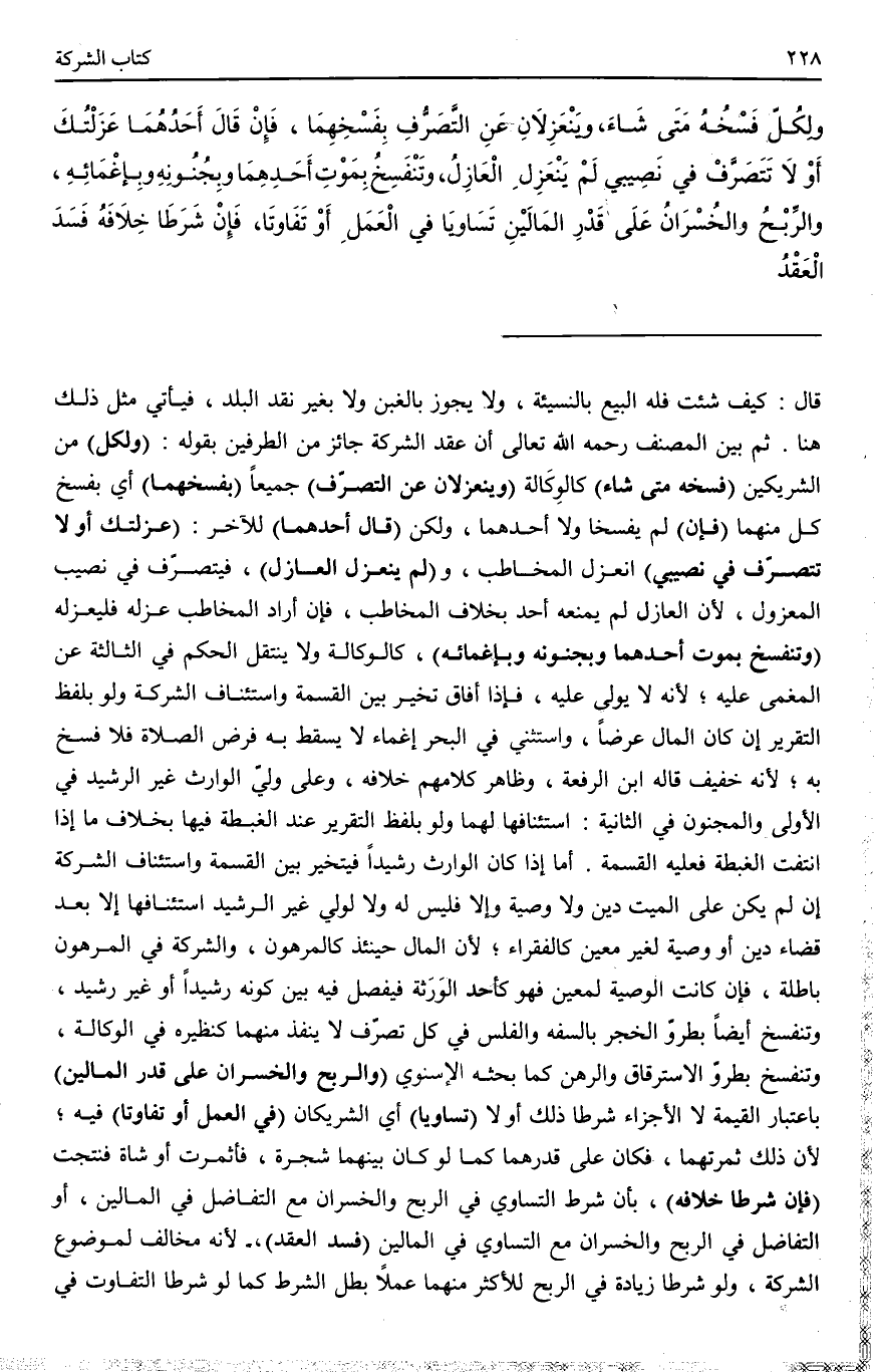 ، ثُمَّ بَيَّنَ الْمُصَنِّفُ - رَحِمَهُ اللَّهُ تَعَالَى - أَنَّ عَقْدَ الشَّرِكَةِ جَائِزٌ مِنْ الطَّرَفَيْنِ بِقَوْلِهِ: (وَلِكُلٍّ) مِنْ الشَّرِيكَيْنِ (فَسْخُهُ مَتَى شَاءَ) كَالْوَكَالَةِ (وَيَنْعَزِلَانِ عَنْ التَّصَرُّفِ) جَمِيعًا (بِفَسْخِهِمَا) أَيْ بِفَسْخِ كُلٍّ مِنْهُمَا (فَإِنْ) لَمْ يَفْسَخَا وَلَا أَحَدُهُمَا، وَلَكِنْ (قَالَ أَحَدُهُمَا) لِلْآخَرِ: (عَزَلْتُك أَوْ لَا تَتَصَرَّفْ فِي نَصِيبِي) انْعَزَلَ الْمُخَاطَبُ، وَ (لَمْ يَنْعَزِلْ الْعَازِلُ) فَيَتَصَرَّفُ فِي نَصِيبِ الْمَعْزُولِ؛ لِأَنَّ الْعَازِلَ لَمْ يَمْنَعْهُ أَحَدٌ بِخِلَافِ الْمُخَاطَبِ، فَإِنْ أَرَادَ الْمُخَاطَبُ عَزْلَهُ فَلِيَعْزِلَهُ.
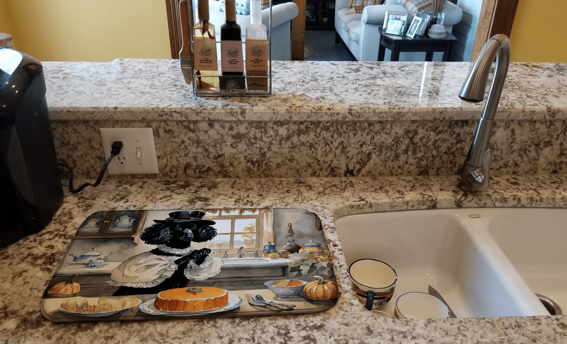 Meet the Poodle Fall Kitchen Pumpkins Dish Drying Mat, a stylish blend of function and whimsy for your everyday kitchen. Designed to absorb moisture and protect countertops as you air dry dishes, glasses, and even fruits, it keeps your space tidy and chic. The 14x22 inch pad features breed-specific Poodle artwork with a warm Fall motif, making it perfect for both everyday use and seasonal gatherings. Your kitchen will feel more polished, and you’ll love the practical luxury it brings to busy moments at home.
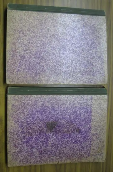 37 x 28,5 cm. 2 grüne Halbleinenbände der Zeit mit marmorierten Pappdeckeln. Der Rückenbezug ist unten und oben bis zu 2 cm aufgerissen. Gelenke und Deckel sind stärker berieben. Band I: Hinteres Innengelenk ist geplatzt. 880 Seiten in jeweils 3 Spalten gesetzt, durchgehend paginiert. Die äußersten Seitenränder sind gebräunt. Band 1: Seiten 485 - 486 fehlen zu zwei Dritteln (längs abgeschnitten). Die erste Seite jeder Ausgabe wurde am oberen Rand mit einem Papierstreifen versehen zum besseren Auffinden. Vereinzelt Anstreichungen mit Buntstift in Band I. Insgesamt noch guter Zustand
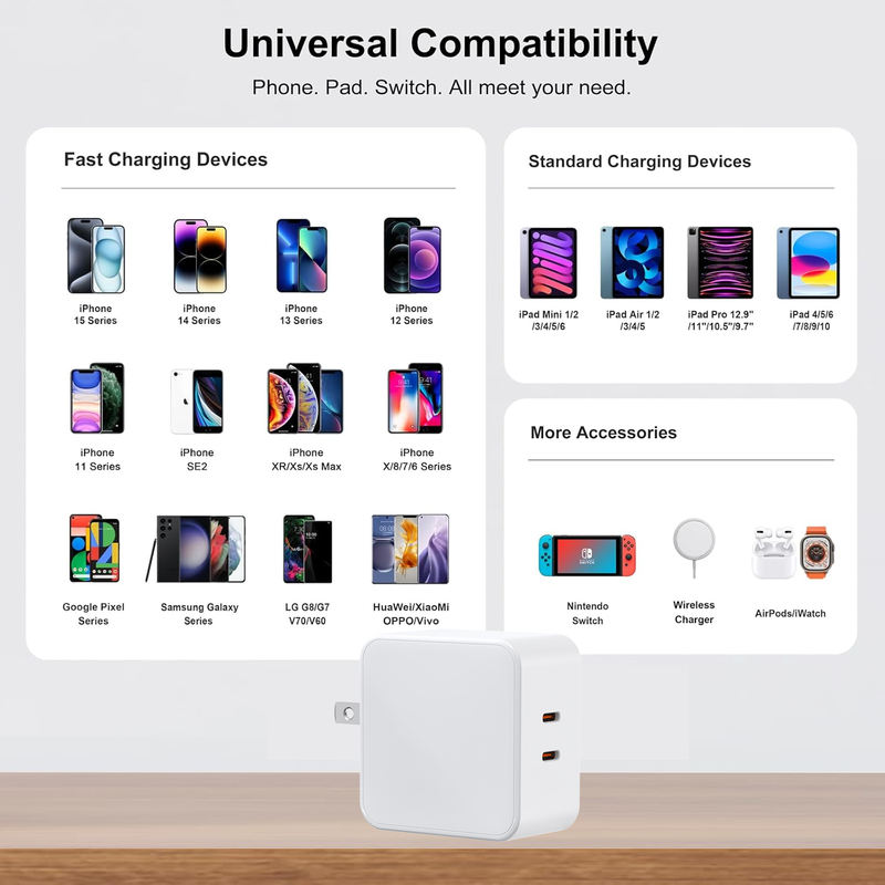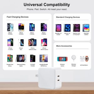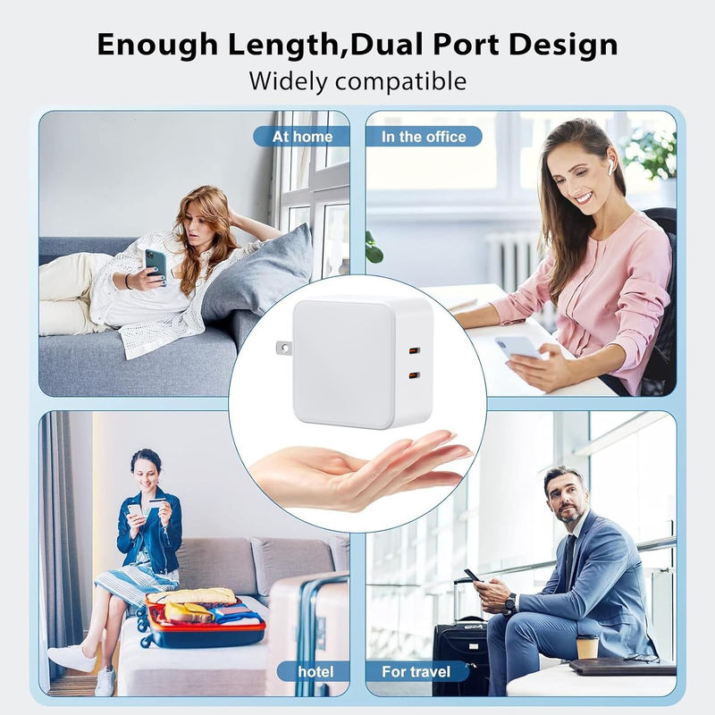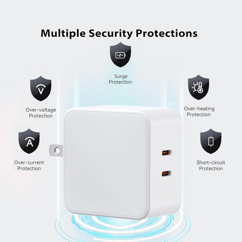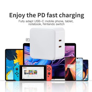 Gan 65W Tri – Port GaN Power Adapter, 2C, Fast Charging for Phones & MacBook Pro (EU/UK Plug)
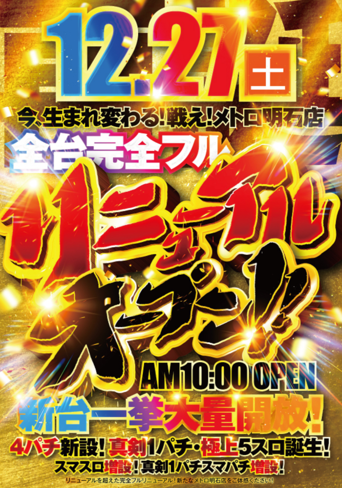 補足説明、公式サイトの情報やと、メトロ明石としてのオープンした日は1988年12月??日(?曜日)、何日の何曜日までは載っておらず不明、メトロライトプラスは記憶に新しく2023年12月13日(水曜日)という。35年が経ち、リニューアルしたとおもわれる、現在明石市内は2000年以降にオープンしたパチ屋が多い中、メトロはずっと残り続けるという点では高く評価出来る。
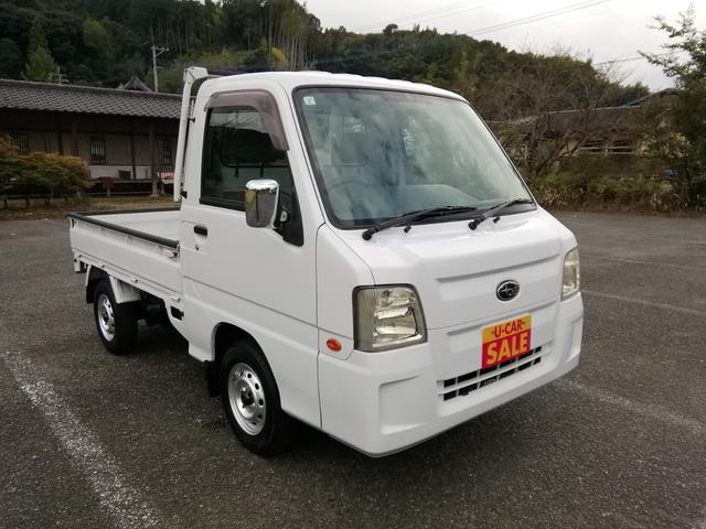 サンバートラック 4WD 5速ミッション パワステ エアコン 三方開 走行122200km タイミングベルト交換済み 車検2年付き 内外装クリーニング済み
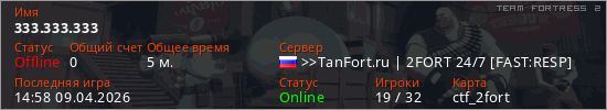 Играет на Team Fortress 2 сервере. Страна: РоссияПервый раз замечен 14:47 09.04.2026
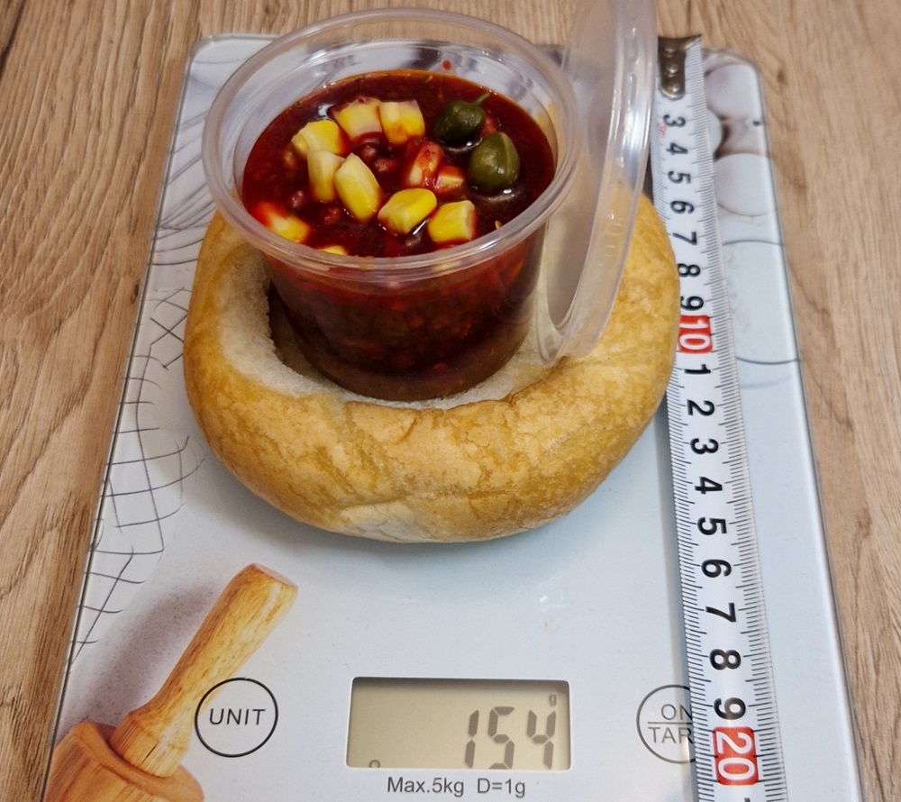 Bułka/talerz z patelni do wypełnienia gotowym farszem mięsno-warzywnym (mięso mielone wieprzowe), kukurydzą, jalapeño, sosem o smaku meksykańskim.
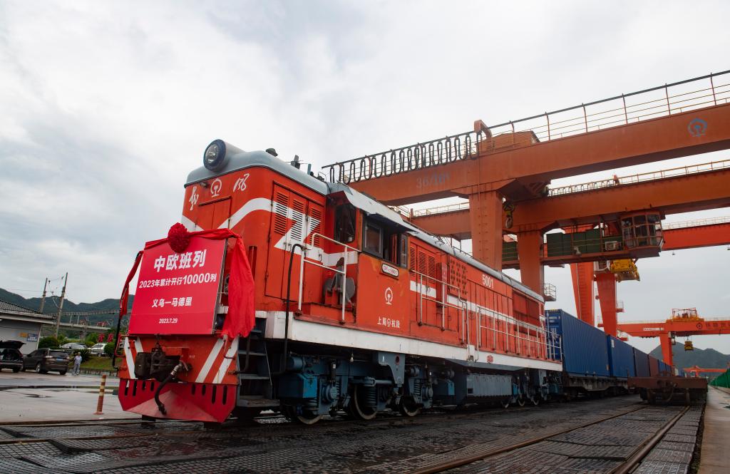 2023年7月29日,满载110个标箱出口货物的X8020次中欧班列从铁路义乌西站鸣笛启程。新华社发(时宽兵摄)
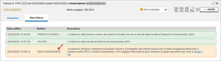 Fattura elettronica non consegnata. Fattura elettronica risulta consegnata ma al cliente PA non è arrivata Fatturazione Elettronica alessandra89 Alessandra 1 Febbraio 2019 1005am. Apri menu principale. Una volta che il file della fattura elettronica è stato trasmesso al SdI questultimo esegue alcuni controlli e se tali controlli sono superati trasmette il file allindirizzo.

----

What to do:
All that belongs in the answer is the exact run of lines from the line containing "サンバートラック 4WD 5速ミッション" to the end of the listing above, pictures removed.

Response area:
 サンバートラック 4WD 5速ミッション パワステ エアコン 三方開 走行122200km タイミングベルト交換済み 車検2年付き 内外装クリーニング済み
 Играет на Team Fortress 2 сервере. Страна: РоссияПервый раз замечен 14:47 09.04.2026
 Bułka/talerz z patelni do wypełnienia gotowym farszem mięsno-warzywnym (mięso mielone wieprzowe), kukurydzą, jalapeño, sosem o smaku meksykańskim.
 2023年7月29日,满载110个标箱出口货物的X8020次中欧班列从铁路义乌西站鸣笛启程。新华社发(时宽兵摄)
 Fattura elettronica non consegnata. Fattura elettronica risulta consegnata ma al cliente PA non è arrivata Fatturazione Elettronica alessandra89 Alessandra 1 Febbraio 2019 1005am. Apri menu principale. Una volta che il file della fattura elettronica è stato trasmesso al SdI questultimo esegue alcuni controlli e se tali controlli sono superati trasmette il file allindirizzo.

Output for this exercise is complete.